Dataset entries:
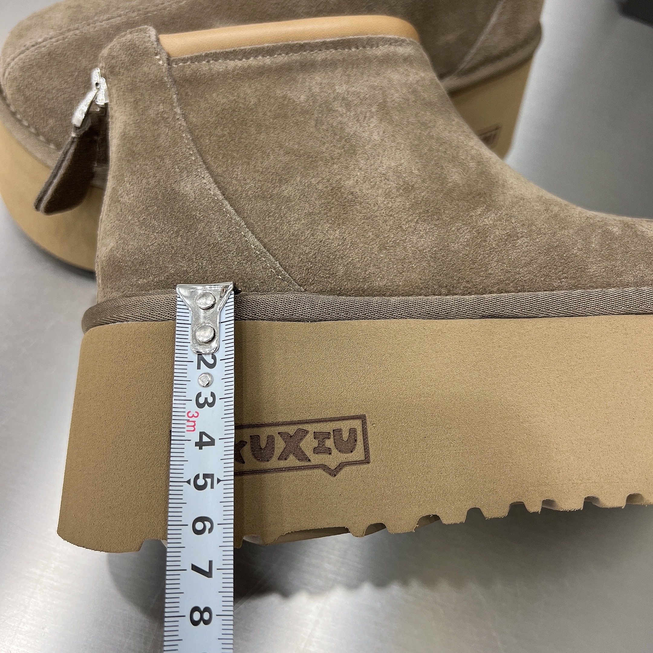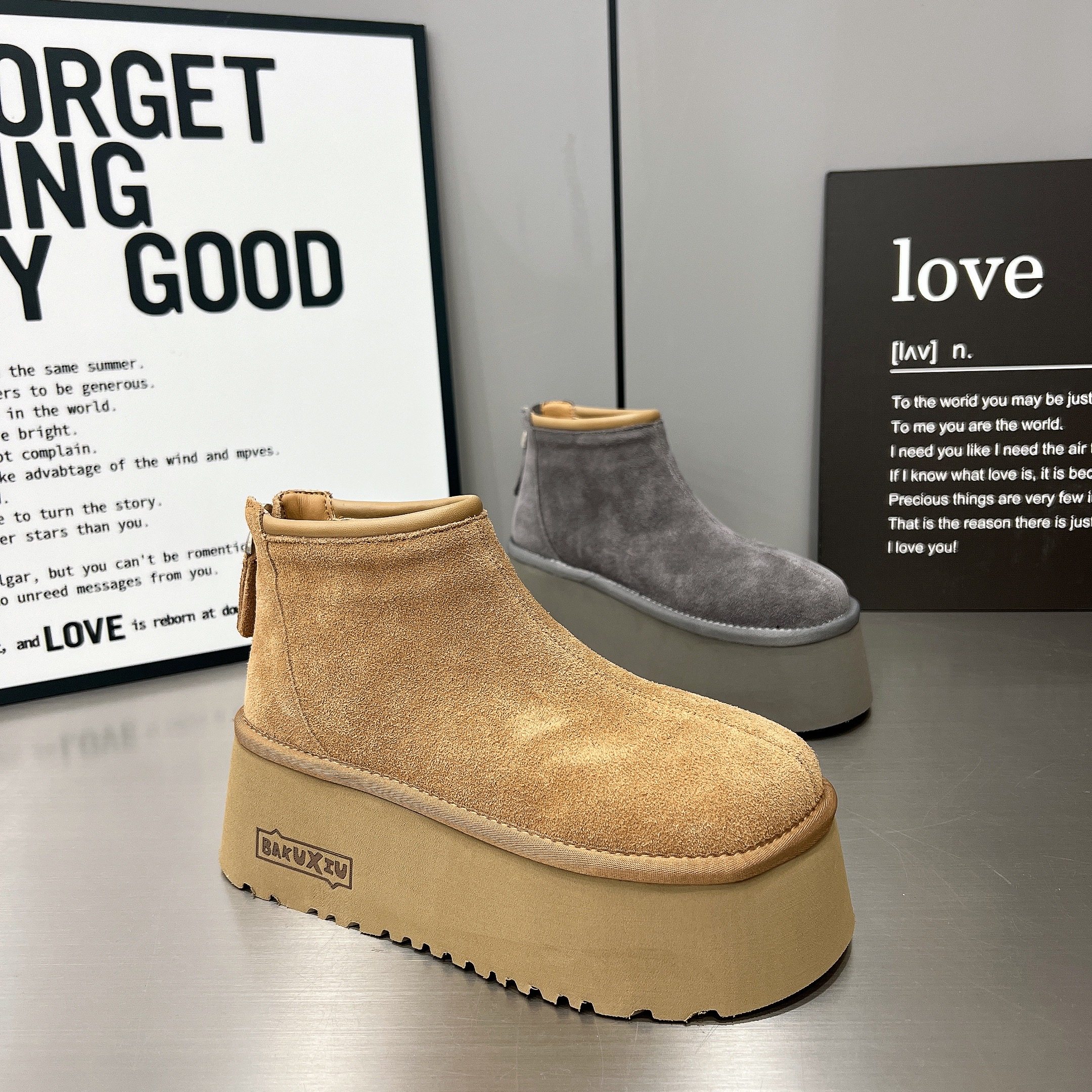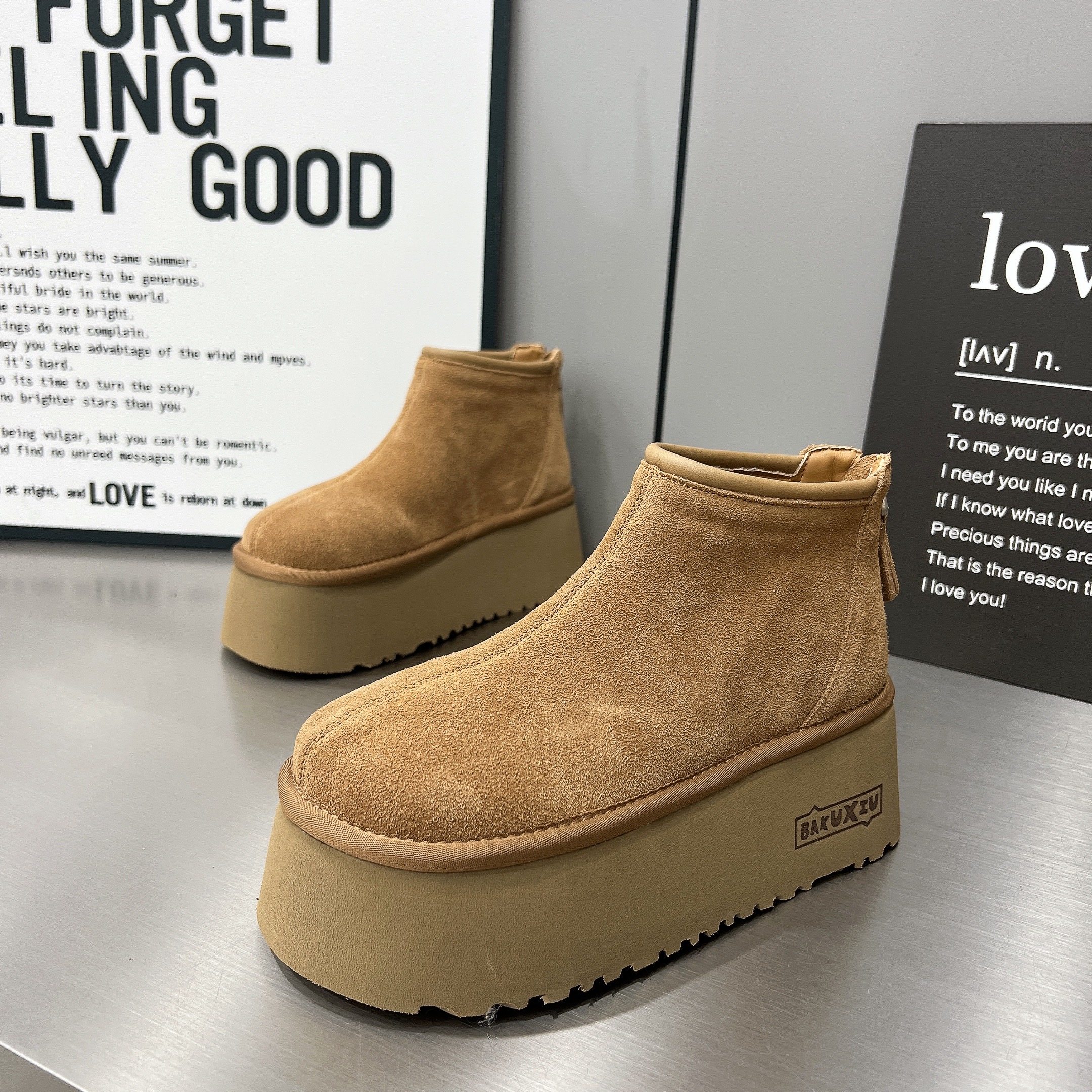 欧货2025新款真皮磨砂皮厚底松糕及踝靴圆头后拉链短靴马丁靴女鞋
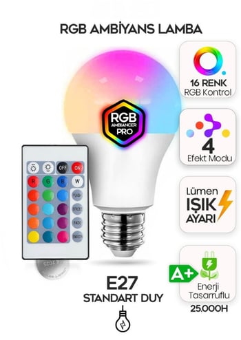 Kumandalı RGB LED ampul, 16 farklı renk seçeneği ve ışık modu ile dekoratif ambiyans yaratır. E27 uyumu sayesinde kolay montaj ve geniş kullanım alanı sunar.
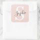 Modern Personalized Name Monogram Pastel Pink Square Sticker
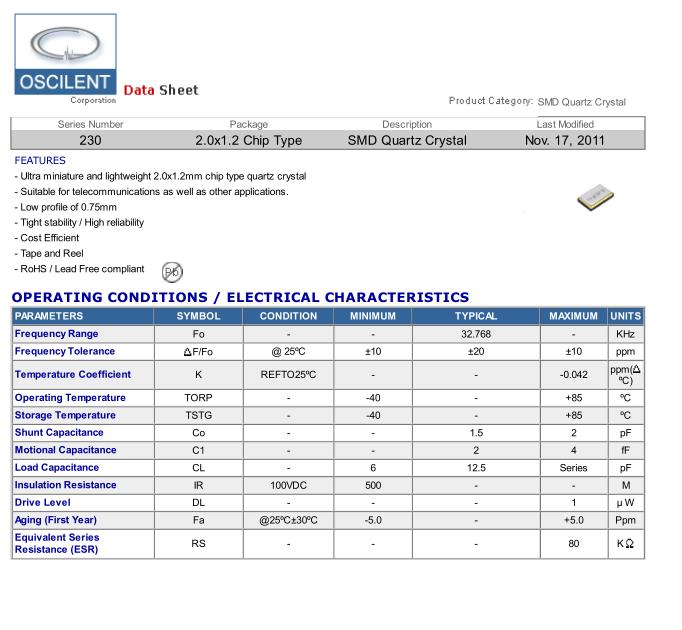 Oscilent晶振,230-32.768K-SR-20-W-TR晶振,2012mm晶振,貼片晶振本身體積小,超薄型石英晶體振蕩器,特別適用于有目前高速發(fā)展的高端電子數(shù)碼產(chǎn)品,因為晶振本身小型化需求的市場領(lǐng)域,小型,薄型是對應(yīng)陶瓷振蕩器(偏差大)和普通的石英晶體振蕩器(偏差小)的中間領(lǐng)域的一種性價比較出色的產(chǎn)品.產(chǎn)品廣泛用于筆記本電腦,無線電話,衛(wèi)星導(dǎo)航SSD,USB,Blu-ray等用途,符合無鉛焊接的高溫回流焊曲線特性.
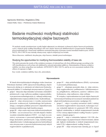 NAFTA-GAZ, ROK LXXI, Nr 5 / 2015 Agnieszka Skibińska, Magdalena Żółty Instytut Nafty i Gazu – Państwowy Instytut Badawczy Badanie możliwości modyfikacji stabilności termooksydacyjnej olejów bazowych W artykule zostały przedstawione wyniki badań odporności na utlenianie wybranych olejów bazowych pochodzących z różnych grup według klasyfikacji API oraz olejów bazowych inhibitowanych wytypowanymi dodatkami przeciwutleniającymi. Oznaczenie stabilności termooksydacyjnej wykonano trzema metodami badawczymi: ASTM D2272, PN-C-04176 oraz metodą własną oceny wpływu ekspozycji na światło. Słowa kluczowe: stabilność oksydacyjna, oleje bazowe, dodatki przeciwutleniające. Studying the opportunities for modifying thermooxidation stability of base oils The article presents the results of the oxidation resistance of selected base oils from different groups according to the API classification as well as base oils inhibited by selected antioxidant additives. Determination of thermo-oxidative stability was done using three test methods: ASTM D2272, BS-C-04176, and by an own assessment method of the effects of exposure to light. Key words: oxidation stability, base oils, antioxidants. Wprowadzenie W latach dziewięćdziesiątych ubiegłego wieku American Petroleum Institute (API) opracował klasyfikację olejów bazowych, dzieląc je w zależności od właściwości fizykochemicznych (tablica 1) i technologii otrzymywania na 5 grup [1]: • grupa I – klasyczne oleje mineralne wytwarzane z destylatów próżniowych z ropy naftowej, poddane rozpuszczalnikowym procesom technologicznym, tj.: rafinacji selektywnej, odparafinowaniu rozpuszczalnikowemu i hydrorafinacji, • grupa II – oleje otrzymywane w wyniku zastosowania procesów wodorowych, hydrokrakingu lub hydrotreatingu, a następnie poddane procesowi odparafinowania (rozpuszczalnikowego bądź katalitycznego), • grupa III – oleje często nazywane niekonwencjonalnymi (UCBOs – unconventional base oils) lub olejami o bardzo wysokim wskaźniku lepkości (VHVI – very high viscosity index); wytwarzane w procesach głębokiego hydrokrakingu destylatów próżniowych z ropy, katalitycznego odparafinowania i wykańczającego procesu hydrorafinacji oraz otrzymywane w procesie hydroizomeryzacji stałych węglowodorów n-parafinowych, • grupa IV – oleje polialfaolefinowe (PAO), wytwarzane w procesach polimeryzacji, • grupa V – obejmuje pozostałe oleje, tj.: oleje estrowe, oleje węglowodorowe: polibutenowe i alkiloaromatyczne, poliglikolowe, silikonowe, arylowe i alkilowe estry fosforanowe, oleje naftenowe, oleje roślinne. W związku z wprowadzeniem na rynek olejów bazowych wytwarzanych bardziej nowoczesnymi metodami podział ten uległ nieformalnemu poszerzeniu o podgrupy [2]: • grupa I+ – oleje o wysokiej zawartości siarki i niskiej zawartości węglowodorów nasyconych, wykazujące wyższy wskaźnik lepkości (w granicach 100÷105), niższą lepkość strukturalną w niskich temperaturach (metoda CCS) i niższą odparowalność według Noacka w porównaniu z olejami grupy I, • grupa II+ – oleje o wskaźniku lepkości 110÷120, charakteryzujące się poprawionymi właściwościami, takimi jak: lepkość strukturalna w niskich temperaturach (metoda CCS) i odparowalność według Noacka, • grupa III+ – oleje otrzymywane metodą gas to liquid 327 NAFTA-GAZ (proces GTL – hydroizomeryzacja syntetycznych parafin uzyskanych metodą Fischera–Tropscha), charakteryzujące się wskaźnikiem lepkości powyżej 140. Podczas eksploatacji oleju, z powodu wpływu takich czynników jak podwyższona temperatura i ciśnienie, kontakt z tlenem atmosferycznym i katalityczne oddziaływanie metali, zachodzą w oleju niepożądane zmiany, tj. zmiana lepkości, temperatury płynięcia i zapłonu, wydzielanie osadów, szlamów, zwiększenie liczby kwasowej – co powoduje jego korozyjne oddziaływanie na smarowane elementy. Stabilność termooksydacyjna, czyli odporność oleju na utlenianie, to zdolność oleju do zachowania składu, a więc chemicznej struktury składników, a tym samym właściwości fizykochemicznych i eksploatacyjnych. Na stabilność gotowych olejów smarowych ma wpływ nie tylko skład chemiczny olejów bazowych, ale również zawartość dodatków uszlachetniających, a zwłaszcza inhibitorów utlenienia. Ocena stabilności termooksydacyjnej olejów pozwala scharakteryzować trwałość oleju smarowego w czasie pracy, w określonych warunkach temperaturowych, przy dostępie powietrza. Służy do oceny przydatności eksploatacyjnej oleju smarowego oraz do przewidywania okresów jego wymiany w urządzeniu. Do oceny degradacji termooksydacyjnej olejów bazowych/smarowych stosowane są metody, które umożliwiają analizę zmian budowy chemicznej związków wchodzących w skład oleju przed i po procesie utleniania. Powszechnie wykorzystywane metody to: analiza spektralna w zakresie podczerwieni (IR) i ultrafioletu (UV), chromatografia żelowa, chromatografia gazowa połączona ze spektroskopią masową (GC/MS) oraz metody magnetycznego rezonansu jądrowego (NMR 13C). Przy ich pomocy można zidentyfikować różnorodne produkty utleniania węglowodorów. Zbyt mała stabilność termooksydacyjna olejów bazowych wymaga wprowadzania dodatków hamujących procesy utleniania. Efektywność działania inhibitorów utlenienia zależy zarówno od chemicznego charakteru oleju bazowego, jak i warunków jego eksploatacji, rodzaju inhibitorów i mechanizmów ich działania. Antyutleniacze to rozpuszczalne w oleju organiczne i metaloorganiczne związki następujących typów [3, 11]: związki siarkowe, związki siarki i azotu, związki fosforowe, związki siarki i fosforu, aminy aromatyczne, związki fenolowe z zawadą przestrzenną, organiczne związki miedzi, związki boru i inne związki metaloorganiczne. Fuchs [12] opracował koncepcję „optymalnej aromatyczności” olejów bazowych, synergicznego wpływu

# How to complete this task:
Except for pictures, copy the records above exactly.

# Exercise response:
 欧货2025新款真皮磨砂皮厚底松糕及踝靴圆头后拉链短靴马丁靴女鞋
 Kumandalı RGB LED ampul, 16 farklı renk seçeneği ve ışık modu ile dekoratif ambiyans yaratır. E27 uyumu sayesinde kolay montaj ve geniş kullanım alanı sunar.
 Modern Personalized Name Monogram Pastel Pink Square Sticker
 Oscilent晶振,230-32.768K-SR-20-W-TR晶振,2012mm晶振,貼片晶振本身體積小,超薄型石英晶體振蕩器,特別適用于有目前高速發(fā)展的高端電子數(shù)碼產(chǎn)品,因為晶振本身小型化需求的市場領(lǐng)域,小型,薄型是對應(yīng)陶瓷振蕩器(偏差大)和普通的石英晶體振蕩器(偏差小)的中間領(lǐng)域的一種性價比較出色的產(chǎn)品.產(chǎn)品廣泛用于筆記本電腦,無線電話,衛(wèi)星導(dǎo)航SSD,USB,Blu-ray等用途,符合無鉛焊接的高溫回流焊曲線特性.
 NAFTA-GAZ, ROK LXXI, Nr 5 / 2015 Agnieszka Skibińska, Magdalena Żółty Instytut Nafty i Gazu – Państwowy Instytut Badawczy Badanie możliwości modyfikacji stabilności termooksydacyjnej olejów bazowych W artykule zostały przedstawione wyniki badań odporności na utlenianie wybranych olejów bazowych pochodzących z różnych grup według klasyfikacji API oraz olejów bazowych inhibitowanych wytypowanymi dodatkami przeciwutleniającymi. Oznaczenie stabilności termooksydacyjnej wykonano trzema metodami badawczymi: ASTM D2272, PN-C-04176 oraz metodą własną oceny wpływu ekspozycji na światło. Słowa kluczowe: stabilność oksydacyjna, oleje bazowe, dodatki przeciwutleniające. Studying the opportunities for modifying thermooxidation stability of base oils The article presents the results of the oxidation resistance of selected base oils from different groups according to the API classification as well as base oils inhibited by selected antioxidant additives. Determination of thermo-oxidative stability was done using three test methods: ASTM D2272, BS-C-04176, and by an own assessment method of the effects of exposure to light. Key words: oxidation stability, base oils, antioxidants. Wprowadzenie W latach dziewięćdziesiątych ubiegłego wieku American Petroleum Institute (API) opracował klasyfikację olejów bazowych, dzieląc je w zależności od właściwości fizykochemicznych (tablica 1) i technologii otrzymywania na 5 grup [1]: • grupa I – klasyczne oleje mineralne wytwarzane z destylatów próżniowych z ropy naftowej, poddane rozpuszczalnikowym procesom technologicznym, tj.: rafinacji selektywnej, odparafinowaniu rozpuszczalnikowemu i hydrorafinacji, • grupa II – oleje otrzymywane w wyniku zastosowania procesów wodorowych, hydrokrakingu lub hydrotreatingu, a następnie poddane procesowi odparafinowania (rozpuszczalnikowego bądź katalitycznego), • grupa III – oleje często nazywane niekonwencjonalnymi (UCBOs – unconventional base oils) lub olejami o bardzo wysokim wskaźniku lepkości (VHVI – very high viscosity index); wytwarzane w procesach głębokiego hydrokrakingu destylatów próżniowych z ropy, katalitycznego odparafinowania i wykańczającego procesu hydrorafinacji oraz otrzymywane w procesie hydroizomeryzacji stałych węglowodorów n-parafinowych, • grupa IV – oleje polialfaolefinowe (PAO), wytwarzane w procesach polimeryzacji, • grupa V – obejmuje pozostałe oleje, tj.: oleje estrowe, oleje węglowodorowe: polibutenowe i alkiloaromatyczne, poliglikolowe, silikonowe, arylowe i alkilowe estry fosforanowe, oleje naftenowe, oleje roślinne. W związku z wprowadzeniem na rynek olejów bazowych wytwarzanych bardziej nowoczesnymi metodami podział ten uległ nieformalnemu poszerzeniu o podgrupy [2]: • grupa I+ – oleje o wysokiej zawartości siarki i niskiej zawartości węglowodorów nasyconych, wykazujące wyższy wskaźnik lepkości (w granicach 100÷105), niższą lepkość strukturalną w niskich temperaturach (metoda CCS) i niższą odparowalność według Noacka w porównaniu z olejami grupy I, • grupa II+ – oleje o wskaźniku lepkości 110÷120, charakteryzujące się poprawionymi właściwościami, takimi jak: lepkość strukturalna w niskich temperaturach (metoda CCS) i odparowalność według Noacka, • grupa III+ – oleje otrzymywane metodą gas to liquid 327 NAFTA-GAZ (proces GTL – hydroizomeryzacja syntetycznych parafin uzyskanych metodą Fischera–Tropscha), charakteryzujące się wskaźnikiem lepkości powyżej 140. Podczas eksploatacji oleju, z powodu wpływu takich czynników jak podwyższona temperatura i ciśnienie, kontakt z tlenem atmosferycznym i katalityczne oddziaływanie metali, zachodzą w oleju niepożądane zmiany, tj. zmiana lepkości, temperatury płynięcia i zapłonu, wydzielanie osadów, szlamów, zwiększenie liczby kwasowej – co powoduje jego korozyjne oddziaływanie na smarowane elementy. Stabilność termooksydacyjna, czyli odporność oleju na utlenianie, to zdolność oleju do zachowania składu, a więc chemicznej struktury składników, a tym samym właściwości fizykochemicznych i eksploatacyjnych. Na stabilność gotowych olejów smarowych ma wpływ nie tylko skład chemiczny olejów bazowych, ale również zawartość dodatków uszlachetniających, a zwłaszcza inhibitorów utlenienia. Ocena stabilności termooksydacyjnej olejów pozwala scharakteryzować trwałość oleju smarowego w czasie pracy, w określonych warunkach temperaturowych, przy dostępie powietrza. Służy do oceny przydatności eksploatacyjnej oleju smarowego oraz do przewidywania okresów jego wymiany w urządzeniu. Do oceny degradacji termooksydacyjnej olejów bazowych/smarowych stosowane są metody, które umożliwiają analizę zmian budowy chemicznej związków wchodzących w skład oleju przed i po procesie utleniania. Powszechnie wykorzystywane metody to: analiza spektralna w zakresie podczerwieni (IR) i ultrafioletu (UV), chromatografia żelowa, chromatografia gazowa połączona ze spektroskopią masową (GC/MS) oraz metody magnetycznego rezonansu jądrowego (NMR 13C). Przy ich pomocy można zidentyfikować różnorodne produkty utleniania węglowodorów. Zbyt mała stabilność termooksydacyjna olejów bazowych wymaga wprowadzania dodatków hamujących procesy utleniania. Efektywność działania inhibitorów utlenienia zależy zarówno od chemicznego charakteru oleju bazowego, jak i warunków jego eksploatacji, rodzaju inhibitorów i mechanizmów ich działania. Antyutleniacze to rozpuszczalne w oleju organiczne i metaloorganiczne związki następujących typów [3, 11]: związki siarkowe, związki siarki i azotu, związki fosforowe, związki siarki i fosforu, aminy aromatyczne, związki fenolowe z zawadą przestrzenną, organiczne związki miedzi, związki boru i inne związki metaloorganiczne. Fuchs [12] opracował koncepcję „optymalnej aromatyczności” olejów bazowych, synergicznego wpływu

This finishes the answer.